Stranded In Stereo: Love in the Time of Mashups

Wednesday, June 3, 2009

Love in the Time of Mashups



Music is as diverse in form, power and dynamics as the ocean itself. Like the ocean, music can be calm and powerful, beautiful or violent; it can bring pain or health, it can isolate and it can communicate on a level that reaches far beyond language, symbols and time. DJs are the captains that navigate the uncharted oceans of music that connect our world. Like the seafaring captain, the DJ, turntablists and party rockers risk life and limb, career and reputation to control and navigate through the often hostile, unpredictable and uncharted landscapes of audience and technology all in an effort to make people move and transcend.

So why risk it all in an already unstable world? The answer, quite plainly, is love: Love of music, love of adventure, love of life. Many a musical mariner has run aground in pursuit of sirens like fame, glory and money. Long after the remains of these novices have sunk to the depths, it is the pirates and the captains who will sail on. Why? Because love was and remains the purpose of their quest and DJing is most definitely a lifelong quest of love.

It is getting harder and harder in 2008 to keep your love for the sea. Celebrity DJs and mash-up cracks pollute the waters. Technology is replacing skill. Emotion is automated. What you are about to read is a first person account of the sea life, the DJ life, from a young man with the heart of an old salt.

This is Love In the Time of Mashups.



11/02/08

A random first entry. It’s 12:41am on technically Sunday morning.

I have to DJ for another hour and 45 minutes. My partner in crime for these select evenings at the Golden Bear bar is DJ Riff Raff; as a duo we are called Jive as Fuck and I feel we completely represent the double-sided nature of this name. Riff’s mixer had a malfunction earlier in the night so we were an hour late starting: this is jive as fuck. I totally didn’t care; it’s the night after Halloween and its dead. All chodes, no rhythm and no open minds: It’s the worst possible scenario for a DJ like me. I just ordered a White Russian to kill some time. Boredom always gets me in the end. I always do the worst shit when I am bored.

So back to tonight’s venue sucking: tonight sucks.

I always try to imitate the example set by my favorite DJs: Built For Speed from San Francisco.



These two DJs, Fashion Hooker (Dee) and Platform Whore (Rachel), play only what they want, the will of the crowd be damned; these two are jive as fuck. They seem to be against the traditional role of the DJ as a crowd-pleaser. DJs are there to cater to the will of the mass at weddings, clubs, whatever. These two ladies completely dismiss that notion. I don’t know why they DJ then? To amuse themselves? Share music with unknowing masses? It’s definitely not the reason I started DJing: namely to please my high school peers and make a name for myself in the adolescent abyss of my teen years.

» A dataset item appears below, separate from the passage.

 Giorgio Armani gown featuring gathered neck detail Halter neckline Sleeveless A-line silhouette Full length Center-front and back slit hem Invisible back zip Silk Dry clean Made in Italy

It worked, though. I made a name for myself: Rob Fatal. It got me recognized, but for what? Maybe I am idealizing their nature, but it seems as if Dee and Rachel don’t need DJing to exist. I myself often wonder who I’d be if I wasn’t DJ Rob Fatal? But then again, who would any of us be without the things we did? For example my professors, filmmakers, artists, friends who sell drugs, etc… The list goes on. People need to be known for something; to have their identity tied to something. Is that not the true nature of identity? DJing is not a bad thing to be known for. At least I’m not Rob the asshole or Rob the homophobe or Rob the burnout.

But who are any of us?



I look around this bar, at all these faces, and ask the same questions as countless people before me: who are any of us without our clothes, jobs, hair styles, drink orders and words.

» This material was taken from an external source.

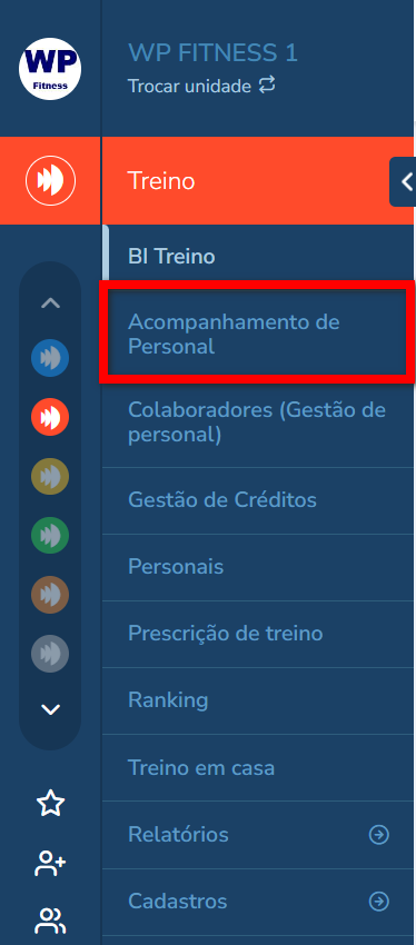 1. Acesse o módulo Treino, e no menu lateral esquerdo clique em “Acompanhamento de Personal";

I like DJing because it separates me from some of these sad fucks.

I have a purpose here; I mean something, have worth and standout in this collage of people.



But what good does that do when some chode I despise and seek to differ myself from heckles and gives me shit about the music I play?

It’s as if I’m a server in the food service industry: I try to hold power, but ultimately I serve this paying customer.



But not tonight. While getting heckled I start to play the most alienating music I can in an effort to get him, his Diesel Jeans, $700 leather shoes and striped collar shirt the fuck out of my venue: Eddie Cochran, Sam Sham and the Pharos, Nancy Sinatra, Brazillian baile funk and Ukraine gypsy punk; Anything to make him doubt his sexuality, nationality or privileged white male superiority.

I smile as he leaves in a rush, frustrated that he can’t sing along to songs in another language or at the thought that he is shaking his anus to the Scissor Sisters’ “Filthy Gorgeous”; a tune countless gay men he is terrified of have copulated to mercilessly.



I give a nod as he scowls on the way out.
You don’t fuck with the people who serve your food DO NOT FUCK with the people playing your music. Dee and Rachel I think would smile if they saw me tonight. Oops, time to get back to work.